One of the things I love about my partner, J., is how we move furniture together.

This is not cutesy or trivial. We move furniture together really well. By which I mean we spend a lot of time laughing at the absurdity and difficulty of the tasks we are attempting to perform. Witness today’s effort: the file cabinet.

N.’s wardrobe and dresser are in the office now, you understand. So the file cabinet had to go . . . somewhere. J and I had determined that if it was going anywhere, it was going to the basement. So step one was to stand in the basement and stare despairingly at the overwhelming stacks of furniture and stuff. Hmm. Perhaps if we moved the bin of roaches over next to the worm bins, the file cabinet could go in front of the utility sink? Next to the bin of blankets?

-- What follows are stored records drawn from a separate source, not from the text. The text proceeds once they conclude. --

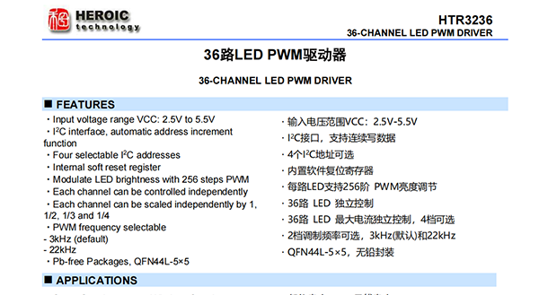 HTR3236_36路LED PWM驅(qū)動器
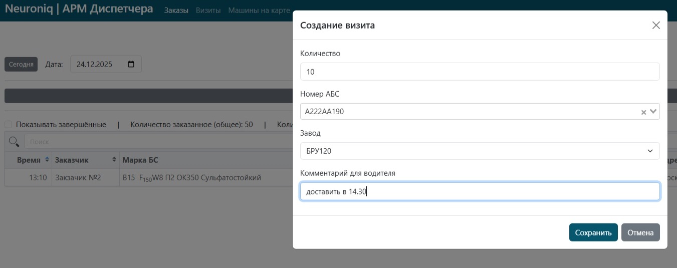 - Сформированные Заказы видны в интерфейсе диспетчера, для них он может назначить задание/визит. Диспетчер должен сначала решить – для какой машины он будет назначать этот визит. В своем интерфейсе он открывает вкладку «Машины на карте» и видит все активные миксеры и их текущие статусы. Определившись с выбором миксера, диспетчер создает для него визит, где указывает количество кубов и завод, на котором надо будет загрузиться. Из визита диспетчер может автоматически сформировать и распечатать накладную для водителя.
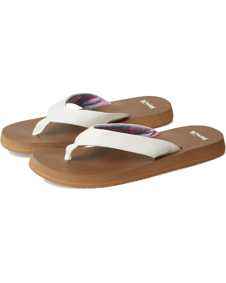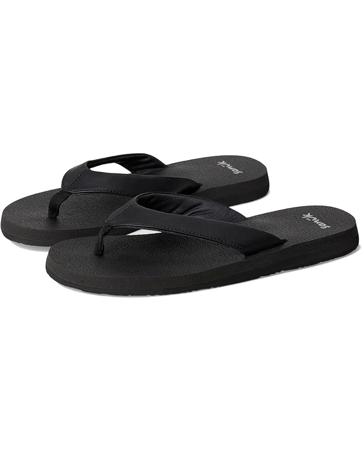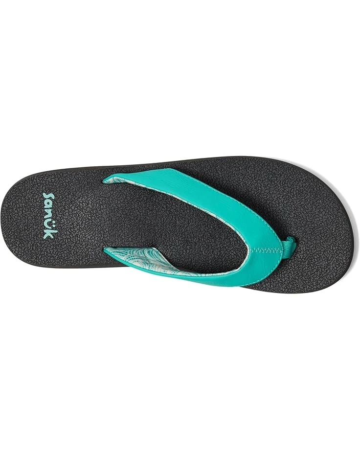 - Introducing the Sanuk® Yoga Mat II slippers, designed to bring a smile to your face with every step. This slip-on footwear features a printed jersey lining that adds a touch of style, combined with the original memory foam Yoga Mat footbed that molds to your foot for unparalleled comfort. The custom Happy U wave tread sponge rubber outsole, made with 53% recycled material, provides excellent traction.
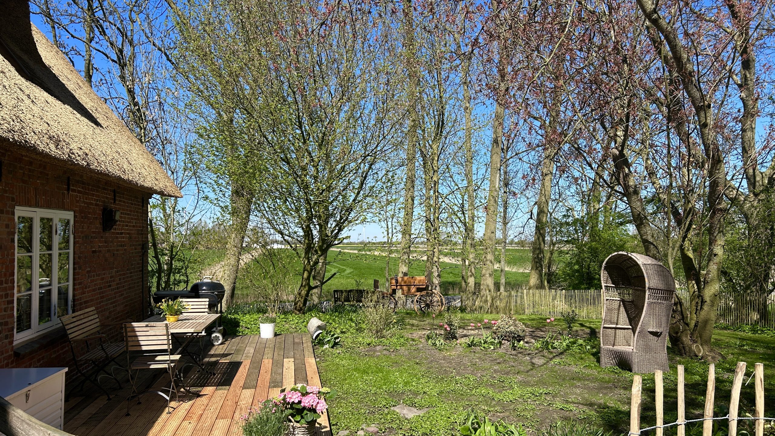 „Wir haben einen ruhigen Ort in der Natur gesucht, von dem aus man aber auch leicht Ausflüge unternehmen kann und sind mit der Warft Simmerdeis mehr als fündig geworden. Die Ferienwohnung wurde passend zum Reet-Haus mit viel Liebe zum Detail eingerichtet. Der Garten war ein traumhaftes Paradies, in dem man ungestört essen, verweilen und staunen konnte. Alles war sehr gut gepflegt und trotz 3 Ferienwohnungen in einem Haus auch sehr diskret und ruhig. Absolut empfehlenswert und jederzeit gern wieder!“
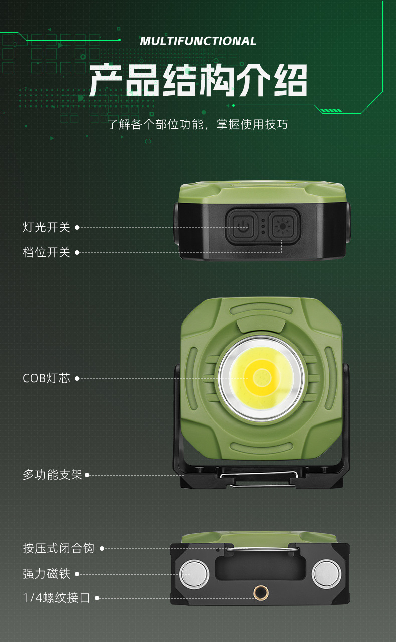 다기능 야외 키 체인 빛 휴대용 미니 캠핑 램프 COB 작업 빛 강력한 자기 검사 빛 손전등
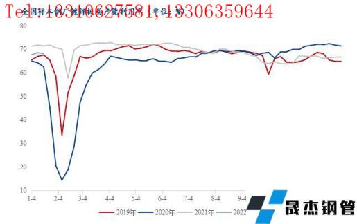 圖2:全國樣本無縫鋼管廠鍍鋅板卷產能利用率
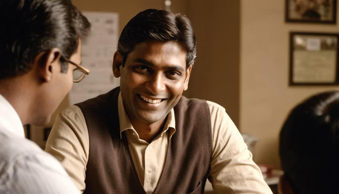 Prompt: young chubby indian man working in a office as an entrepreneure, meeting with people
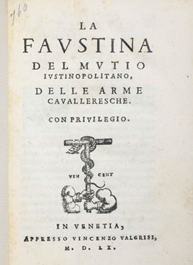 2. Iustonopolitano Muzio, La Faustina.., In Venetia, appresso Vincenzo Valgrisi, 1560. In-8°. (mm 155x96). Rilegatura in piena pelle del secolo XIX, tagli dorati, ex libris nobiliare al contropiatto, rotture alle cuffie. Esemplare fresco
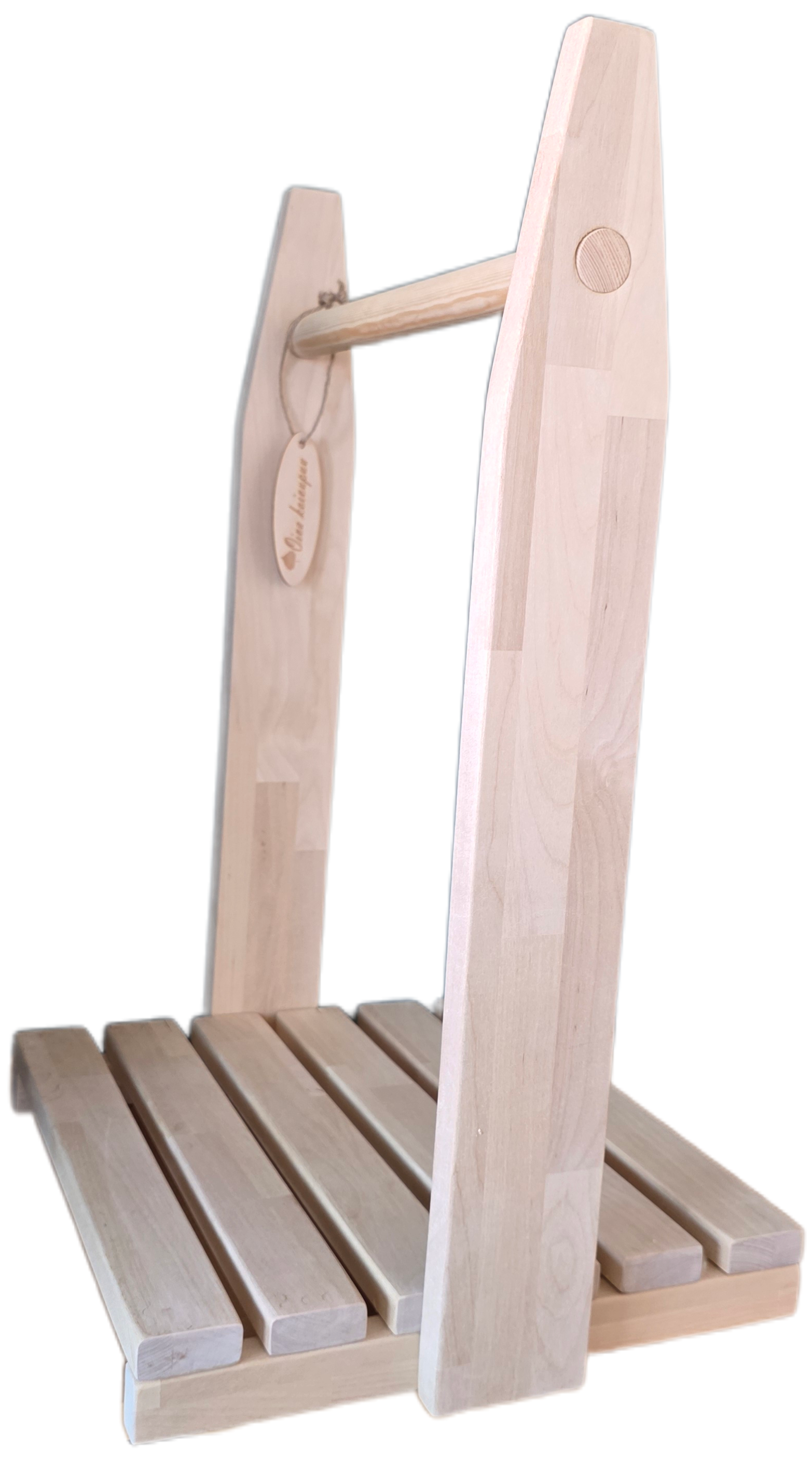 Laadukas puusepän tekemä puunkantoteline. Valmistettu kotimaisesta koivusta, kaunis ja kestävä.

No, no, that won’t work — J needs to be able to reach the shelf behind the utility sink. Well, how about we move the exercise bike over by the tool shelves and the treadmill over where the dirty laundry pile is? No, the floor under the exercise bike is horribly uneven. The cabinet will tip over. How about we move garden hose bin over by the furnace, move the bins of games to the place where the garden hose bin was, move the shelf of games out to the aisle, and slide the file cabinet into the space the shelf was?

Perfect!!

This merely meant we had to get the file cabinet out of the office and down the stairs. I began removing all the files out of the cabinet. This caused a brief flurry of angst in J. as she noticed my carefully labelled files of loan and banking records for the past three years, plus all my labelled tax returns, plus my insurance records. I tried to comfort her by mentioning that I’m not certain one needs to keep all these things anymore.

I wanted to move the cabinet without taping the drawers in place. J. insisted on some tape. We put a strip of tape across each drawer, and I casually asserted that I was sure that was good enough. The drawers surely wouldn’t fall open. Two minutes later my yelping could be heard upstairs, “I was wrong! I was wrong! Where’s the tape? Tape!” J. soon thereafter won genius points for suggesting we slide the whole thing on a towel and shove it across the house to the stairs that way. Genius. Pure genius.

After much muffled profanity the cabinet was relocated to its slot in the basement. J. hauled files and folders down for me to refile, and the deed was done. I was just pondering, though, how tedious and irritating and difficult jobs like that can be, with the wrong person. Pondering how pleased I am to have the right person with whom to own a house.